Many of these components were designed with a focus on flexibility to
admit several possible different implementations.

\subsubsection{Pipes} 

For the inter-process communication, we pass data between our
distributors and workers via simple queued pipes. However, our data
abstraction of ``send message to worker'' and ``get message from
worker'' could easily be reimplemented to use network / TCP
communications to communicate with an actual distributed system of computers.

\subsubsection{Data Sets}

For the communication between operators, we developed a handful of
different data-sets that could be used for passing information from
one operation to another. Our data sets primarily consisted of
limited-sized queues that transferred partially-processed data from
to-computation. We provided three types of data-sets that users can
construct to perform different purposes. All three of these are
accessed via a friendly officer presence:

\begin{description}

\item[Multi-Reader-Queue Data Set] \hfill \\
The main class of Data Set used in the system is based on a
multi-reader queue we built. This queue is aware of how many readers
it has and manages pointers representing each reader's location. Data
set elements remain in the queue until all readers have read the
element. 

\item[Output Data Set] \hfill \\
The user can specify a (single) output data set in the computation
network. This data set is special in that it passes the data it
receives back to the original caller of (mrs:run-computation...). If
the user specifies a callback function to run-computation, data set
results will be passed as (k v) arguments to the callback. Otherwise,
the output data set will enable (mrs:run-computation...) to block on
the computation until the data set is complete and is returned to the user.

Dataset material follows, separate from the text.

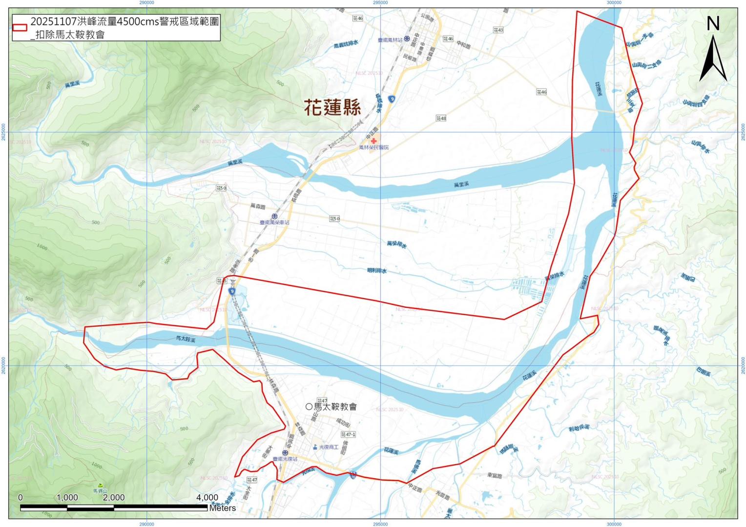 林保署花蓮分署完成模擬評估可能影響範圍,在颱風來臨前,8日提供給花蓮縣政府和光復鄉公所、萬榮鄉公所、鳳林鎮公所等單位,作為疏散撤離作業之用。這次可能影響範圍的評估模擬,是根據水利署加高堤防以及疏濬馬太鞍溪下游之後,設定極端情境之下的模擬:假設這次颱風帶來800毫米降雨量加上原堰塞湖現有150萬噸一次性潰決加上溢流口邊坡土石崩塌阻塞河道,就有可能會形成蓄水量1500萬噸的新生堰塞湖,模擬計算將產生4500cms的最大洪峰流量。
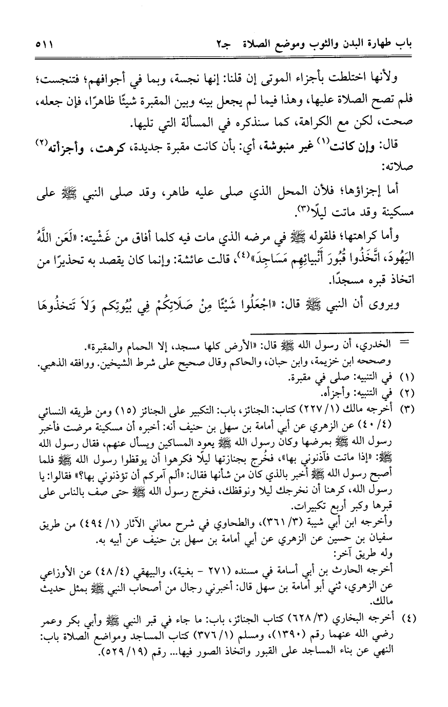 وأما كراهتها؛ فلقوله صلى الله عليه وسلم في مرضه الذي مات فيه كلما أفاق من غَشْيته: "لَعَنَ اللهُ اليَهُودَ، اتَّخَذُوا قُبُورَ أَنْبيائِهِم مَسَاجِدَ"، قالت عائشة: وإنما كان يقصد به تحذيراً من اتخاذ قبره مسجداً.

\item[File Writer Data Set] \hfill \\
The file-writer data set mirrors that of the output data set in that
it provides a means of returning data set results to the user. Upon
creation, users specify a filepath and the data sets are incrementally
written in (k v) format to the file.

\item[Sink /dev/null Data Set] \hfill \\
Finally, we implemented a simplistic ``sink'' data set that
corresponds to the standard ``black hole'' /dev/null file used in
Linux-based systems.
\end{description}
\subsection{Combinator System}

Finally, we are excited to be able to provide a combinator-like system
for defining and building distributed systems computation graphs. The
syntax for defining a network closely resembles that from the
propagator system in which a user allocates a number of cells
representing data-sets, followed by specifying operations that
transform the contents of cell data sets into another another.

\section{Conceptual Challenges}

In addition to the technical difficulties of exploring the
multitasking and distributed systems paradigm in more depth, our
project involved a handful of conceptual challenges, particularly
in dealing with the propagation of ``done'' signals to properly handle
reductions and aggregations on data streams.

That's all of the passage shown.